PROBLEM DESCRIPTION: Up to and including the line that contains "废水:公司在生产过程中无生产", repeat the entries below exactly from the first line on. Do not carry over any pictures.

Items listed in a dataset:
- Opening Delimiter -
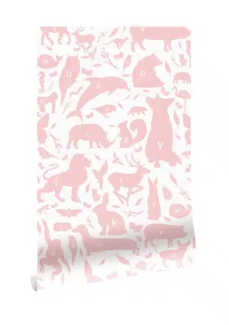 Duurzaam Kinderbehang | ABC Animal | Roze | 97.4 x 280 cm | Kek Amsterdam | Peltenburg Natuurverf
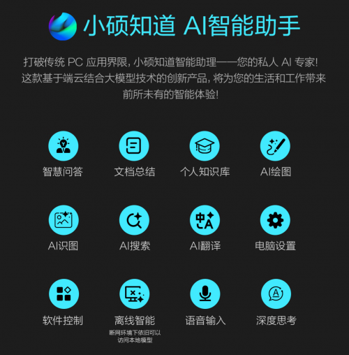 身处AI时代,华硕无畏Pro16 2025内置“小硕知道”AI智能助手,成为你工作提效的秘密武器。它支持智慧问答、文档总结、AI绘图、AI识图、AI搜索、AI翻译等多个功能,日常写文案、整理资料时,可以帮你找灵感、生成初稿或提炼核心信息,AI识图与翻译功能则适配跨语言办公、图片信息提取场景,大幅提升日常效率。更实用的是,“小硕知道”基于端云一体AI大模型,无网络环境下也能继续使用,避免在飞机高铁、户外等场景中因信号问题中断效率。
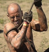 Loud chants and grunts sounded from the starting line every 15 minutes as a new heat of about 300 runners began. Each athlete faced 29 obstacles on a 12-mile trail. Obstacles included a tractor pull, fire jump, sandbag carry, tire drag, spear throw and a rope climb.
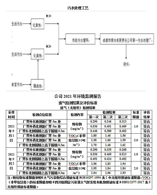 废水:公司在生产过程中无生产废水排放,仅有生活污水排放,主要产生于职工洗手、洗澡、卫生间清洗和食堂用水等。食堂污水先经隔离池处理后,再与其它生活污水一同进入化粪池处理后,经武侯新城污水管网,直接进入三环路城市污水管网,然后经成都市排水有限责任公司第一污水处理厂处理后,最终排入府河。
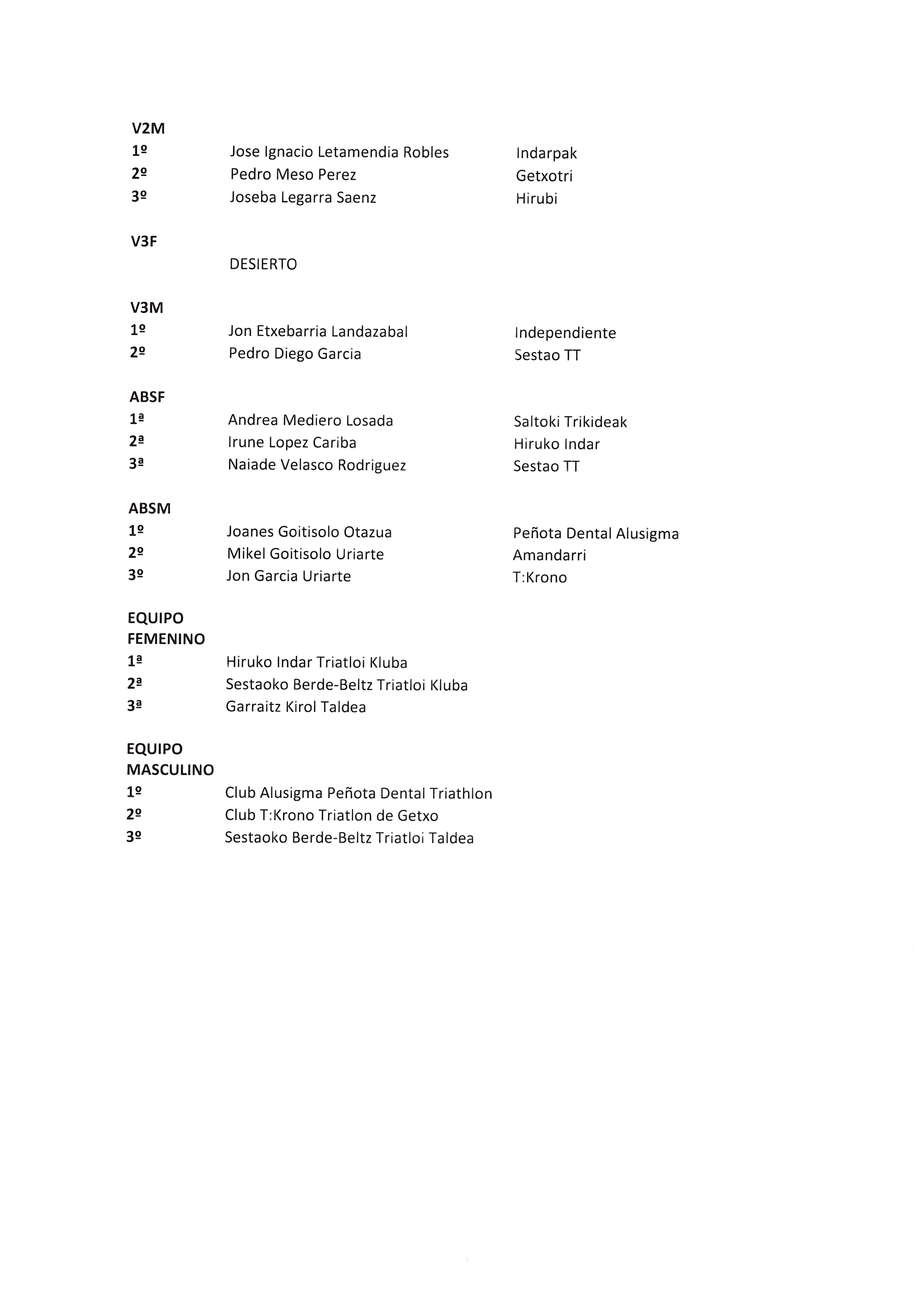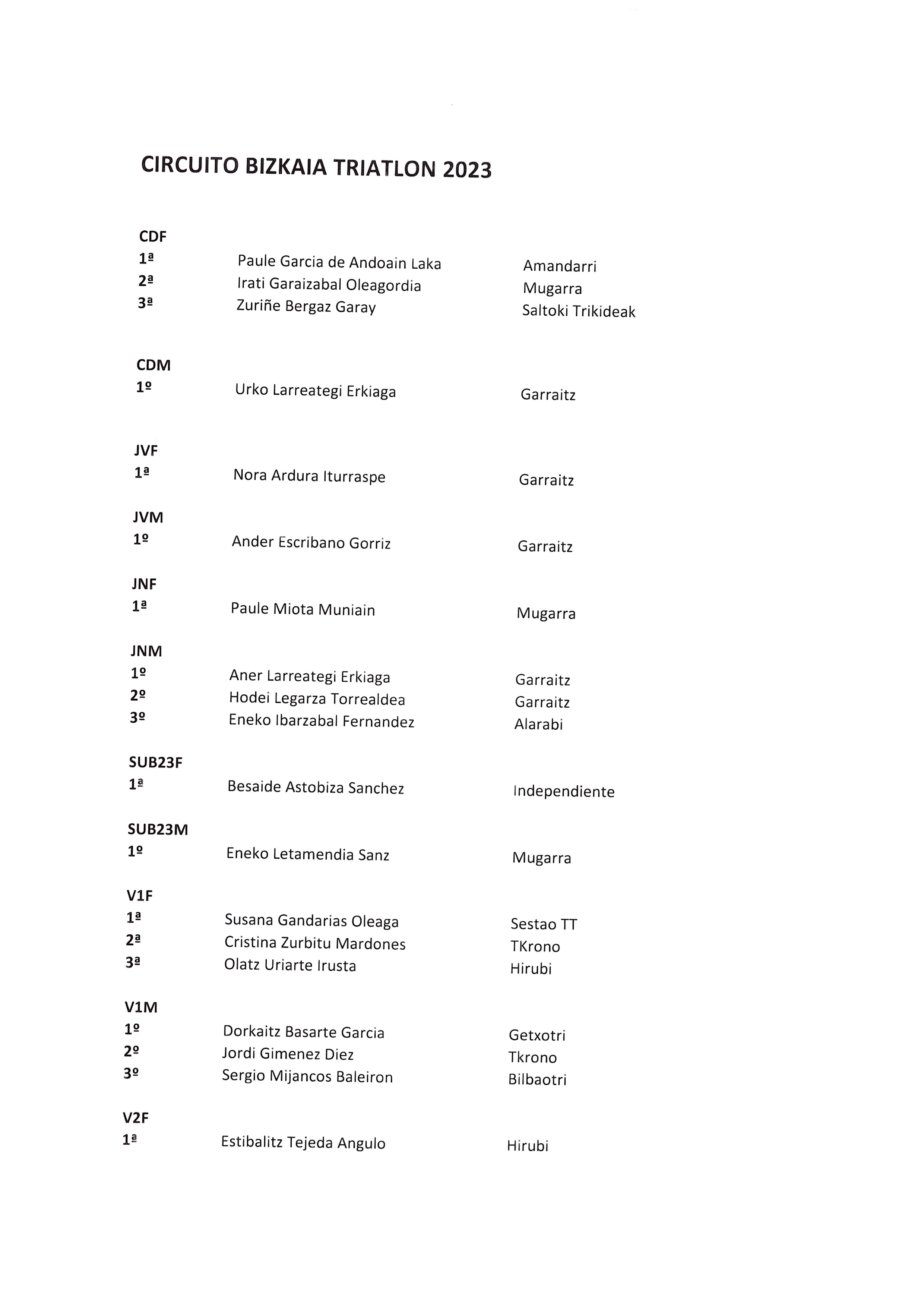 Estos son los resultados provisionales del CIRCUITO DE TRIATLÓN DE BIZKAIA 2023. Lamentablemente este año no habrá Circuito de duatlón porque solo se ha realizado una prueba en Bizkaia. Los resultados serán provisionales hasta el día 20 de Diciembre. Tenéis hasta ese día para enviarnos vuestras consultas o alegaciones. El día 21 de Diciembre se publicará la lista de ganadores definitiva, y ya no se admitirán reclamaciones. La entrega de premios tendrá lugar el día 28 de Diciembre, a la tarde, en el Frontón Bizkaia, pero os enviaremos todos los detalles una vez se hayan publicado los ganadores de forma definitiva. Queremos aprovechar para daros las gracias a todos los deportistas que participáis en las pruebas bizkaina y, por supuesto, a los organizadores de las mismas, ya que sin vosotros no sería posible este Circuito. ----------------------------------------------- Hauek dira behin behineko BIZKAIKO 2023ko TRIATLOI ZIRKUITUAREN emaitzak. Zoritxarrez, aurten ez da Duatloi Zirkuiturik izango Bizkaian proba bakarra egin delako. Emaitzak behin-behinekoak izango dira abenduaren 20ra arte. Egun horretara arte duzue zuen kontsultak edo alegazioak bidaltzeko. Abenduaren 21ean argitaratuko da behin betiko irabazleen zerrenda, eta gero ez da erreklamaziorik onartuko. Sari banaketa abenduaren 28an izango da, arratsaldean, Bizkaia Frontoian, baina irabazleak behin betiko argitaratu ondoren xehetasun guztiak bidaliko dizkizuegu. Eskerrak eman nahi dizkizuegu Bizkaiko probetan parte hartzen duzuen kirolari guztioi eta, jakina, proben antolatzaileei, zuek gabe ezinezkoa izango litzatekeelako zirkuitu hau.
- Closing Delimiter -
EXERCISE OUTPUT:
 Duurzaam Kinderbehang | ABC Animal | Roze | 97.4 x 280 cm | Kek Amsterdam | Peltenburg Natuurverf
 身处AI时代,华硕无畏Pro16 2025内置“小硕知道”AI智能助手,成为你工作提效的秘密武器。它支持智慧问答、文档总结、AI绘图、AI识图、AI搜索、AI翻译等多个功能,日常写文案、整理资料时,可以帮你找灵感、生成初稿或提炼核心信息,AI识图与翻译功能则适配跨语言办公、图片信息提取场景,大幅提升日常效率。更实用的是,“小硕知道”基于端云一体AI大模型,无网络环境下也能继续使用,避免在飞机高铁、户外等场景中因信号问题中断效率。
 Loud chants and grunts sounded from the starting line every 15 minutes as a new heat of about 300 runners began. Each athlete faced 29 obstacles on a 12-mile trail. Obstacles included a tractor pull, fire jump, sandbag carry, tire drag, spear throw and a rope climb.
 废水:公司在生产过程中无生产废水排放,仅有生活污水排放,主要产生于职工洗手、洗澡、卫生间清洗和食堂用水等。食堂污水先经隔离池处理后,再与其它生活污水一同进入化粪池处理后,经武侯新城污水管网,直接进入三环路城市污水管网,然后经成都市排水有限责任公司第一污水处理厂处理后,最终排入府河。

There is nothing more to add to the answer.